A few years ago I would have said that the “culture war” is mainly a US thing. Meanwhile, I can’t speak to the UK but it in Germany, the rhetoric of US style culture war (with tirades against “wokeism” and so on) has definitely been imported and is playing an increasing role in political discourse. Do people (aside from the political and media class) care? Maybe not, I don’t really know. What is undeniable is that right wing politicians believe that culture war stuff is a good strategy and they are eagerly using it . They are copying Trumpian rhetoric, demonizing left of center politicians (with the effect of a frightening wave of political violence), attacking the democratic legitimacy of the elected government, and passing culture war laws for example banning gender inclusive language (DeSantis style stuff).
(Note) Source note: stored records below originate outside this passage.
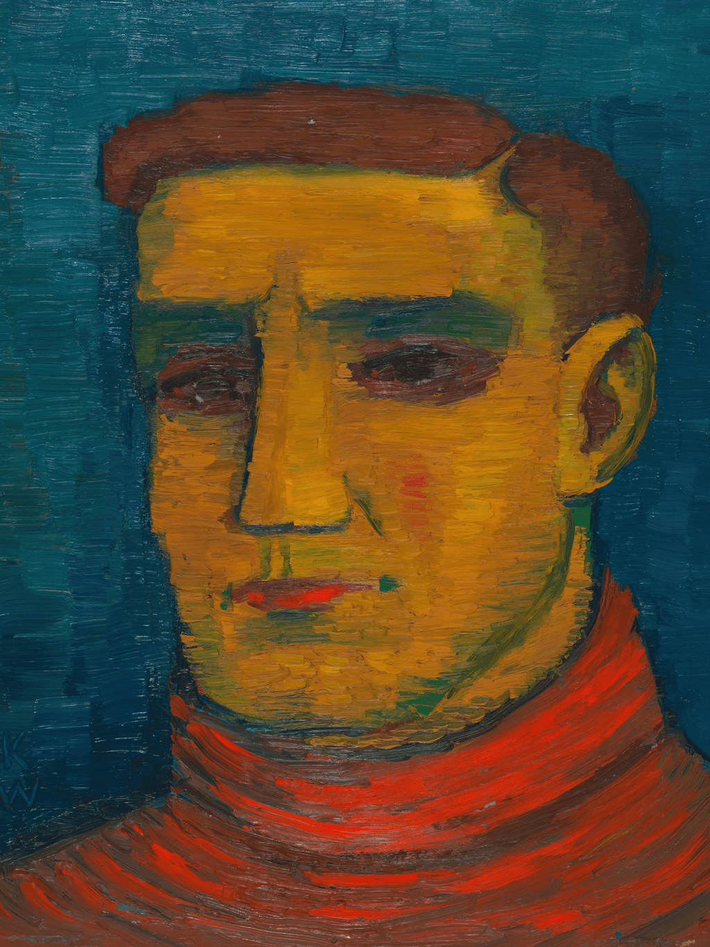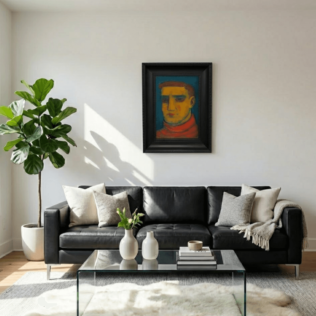 กรอบรูปลายหลุยส์ สีดำด้าน งานภาพพิมพ์ สไตล์ สีน้ำมันบนผ้าใบ ภาพ Männliches Porträt (around 1932) Karl Wiener (Austrian, 1901-1949)
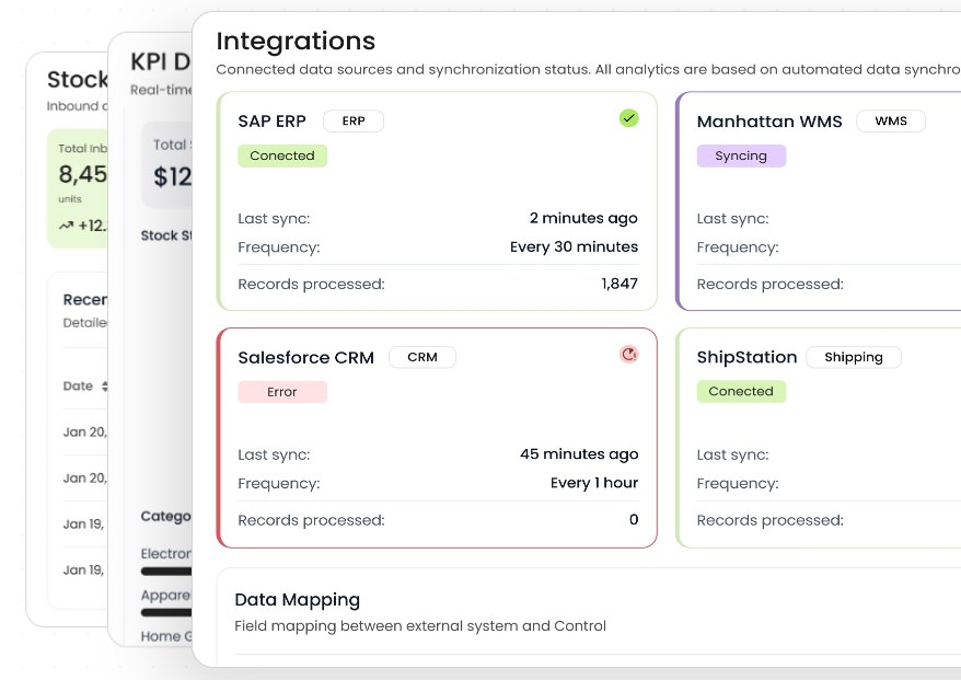At SDH, the Control Tower acts as a central nervous system for logistics, synchronizing WMS, TMS, and ERP platforms into a single source of truth while eliminating manual Excel reporting workflows.
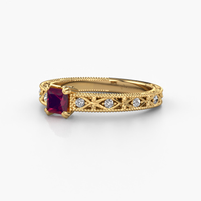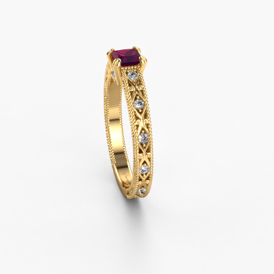 Deze verlovingsring heeft de naam Ardella. Deze ring, uitgevoerd in 14 Carat goud is gezet met 4 mm rhodoliet. Een bijzondere gouden vintage ring, deze unieke verlovingsring die jouw liefde van je leven zeker laat stralen! En dat is precies waar wij voor gaan. In deze vintage verlovingsring is prachtige rhodoliet verwerkt. Je kunt natuurlijk iedere edelsteen die wij aanbieden hierin laten verwerken. De edelsteen is zorgvuldig geselecteerd, want wij vinden dat op jouw filigraan verlovingsring alleen de mooiste edelsteen mag schitteren, toch? Onze goudsmid vervaardigt jouw verlovingsring in ons eigen atelier, en plaatst de rhodoliet met uiterste precisie in de ring. Vervolgens wordt deze bijgewerkt en gepolijst totdat het resultaat zichtbaar is: de perfecte verlovingsring voor de liefde van jouw leven! Dit juweel wordt speciaal voor jou gemaakt door onze meester goudsmeden in ons eigen atelier.Wist je dat we een beste prijs garantie geven voor jouw verlovingsring? Dit is mogelijk omdat al onze sieraden met de hand gemaakt worden in ons eigen atelier. We hebben geen dure voorraden, en we maken pas je verlovingsring op het moment dat je besteld hebt. Doordat we de hele productie zelf in de hand hebben, kunnen wij je goed informeren over alle eigenschappen van deze ring. Juist omdat het kopen van een verlovingsring online spannend is, begrijpen wij dat het fijn is om alle kenmerken te weten van jouw ring.Ons team ontwerpt dagelijks nieuwe ringen in diverse stijlen. Heb je zelf een pavé solitaire verlovingsring ergens gezien, die jij het liefst aan jouw geliefde zou willen geven? Je kunt altijd jouw ideeën en ontwerp met onze sieradenontwerpers bespreken, want wij zetten graag jouw ontwerp om tot een vintage verlovingsring. Je kunt tijdens het ontwerpproces steeds meekijken, omdat het ontwerp in een zeer gedetailleerde 3D tekening wordt omgezet. Daarbij kun je een dummy bestellen van het uiteindelijke ontwerp. Een dummy is een kunststof ring, die precies dezelfde vormen heeft als jouw uiteindelijke ontwerp. Je kunt deze passen en zien of de ontworpen verlovingsring helemaal naar jouw wens is. Wij sturen je graag een vrijblijvende offerte, waarbij je ongetwijfeld versteld zult staan over de prijs en de kwaliteit van de ring en edelstenen.Om het voor jou makkelijker te maken kun je ieder besteld sieraad binnen 30 dagen na aflevering eenvoudig weer retour sturen.
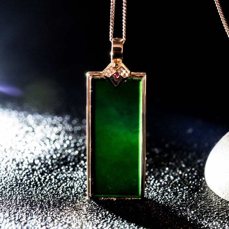 • 18K糯冰种墨翠无事牌吊坠
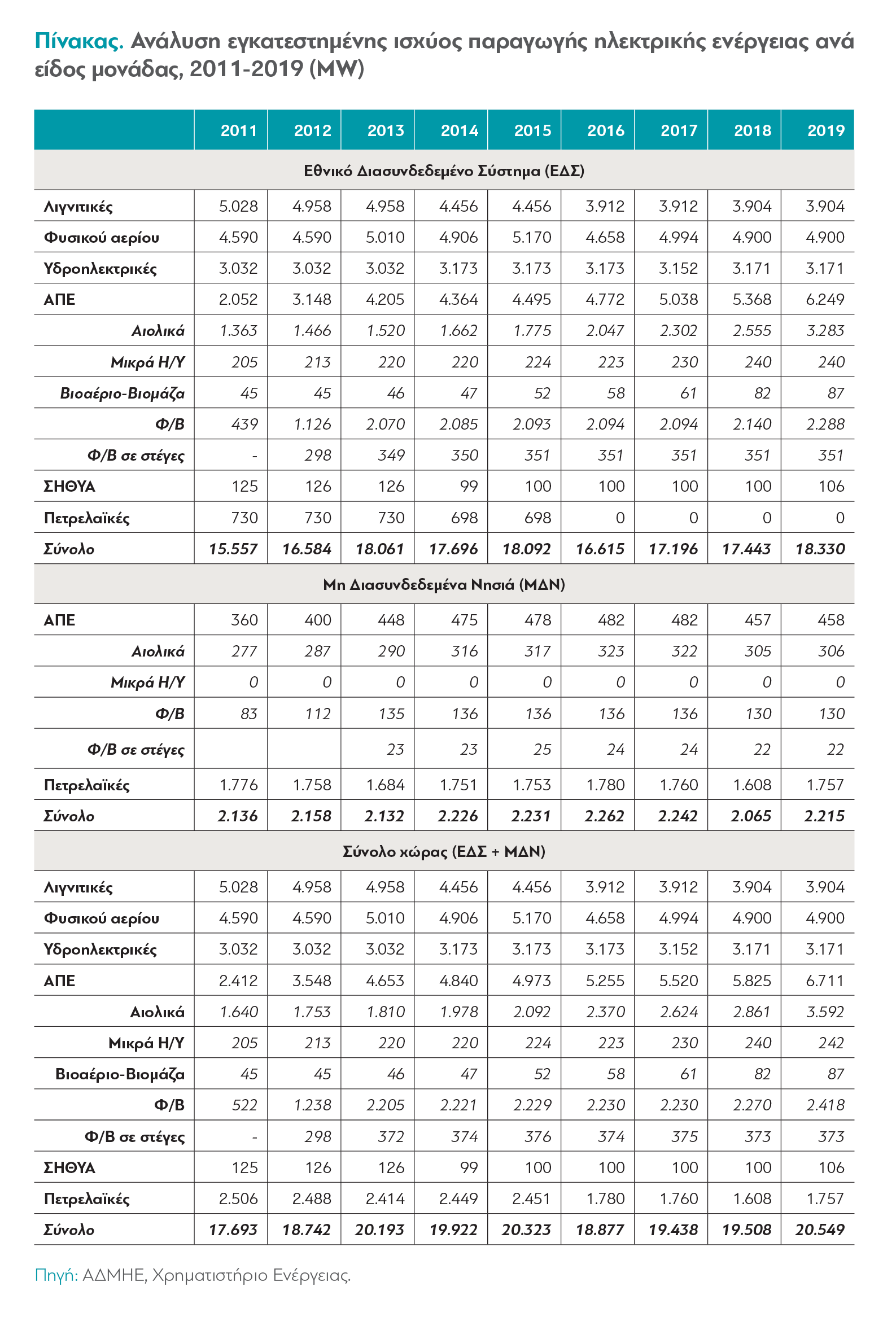 - Μηδενικό μερίδιο του λιγνίτη στην ηλεκτροπαραγωγή έως το 2028.

This tendency coincides with a marked rightward shift on the part of the hitherto “moderate” rightwing parties (CDU/CSU). It worries me a lot even if the majority of the population doesn’t actually care for it (as is probably the case), because it has really changed political discourse and is definitely benefiting the fascists.

In Germany, contrary to the US or UK, single party control of government is not going to happen. The CDU may win the next election (perhaps not because of but despite its rightward shift, since the SPD-led government is so unpopular) but they will still have to enter into a coalition, either with the SPD (but people don’t want another grand coalition), the Greens, or the fascists. If leading proponents of the mainstream conservative party are taking their culture war demagoguery too far, it’s hard to imagine how they will be able to govern without relying on fascist suppport, a frightening prospect. In East Germany, where the fascist party will likely win the upcoming elections, it’s even harder to imagine how any functionally demcratic government can be formed.

In my understanding, “culture war” politics is a political strategy employed almost exclusively by right wing forces. It doesn’t have to be a mass phenomenon to be relevant. Whether it’s successful as a political strategy, it. e. helps win elections, is imho highly dubious. In the US, conventional wisdom (e. g. Thomas Frank) was that culture war was a strategy to mobilize the right wing base while diverting attention from the economic policies pursued by the Republicans. Since Dobbs, it turns out that actually, right wing culture war policies are unpopular. Now that opposition to abortion has turned from identity asserting symbolic politics to actual real world abortion bans, it has become a mobilizing device for Democrats helping them win elections. The education culture war also seems to backfire. That the policies are unpopular doesn’t make them any less dangerous, however. Never forget that it’s never purely symbolic, there’s always actual political consequences.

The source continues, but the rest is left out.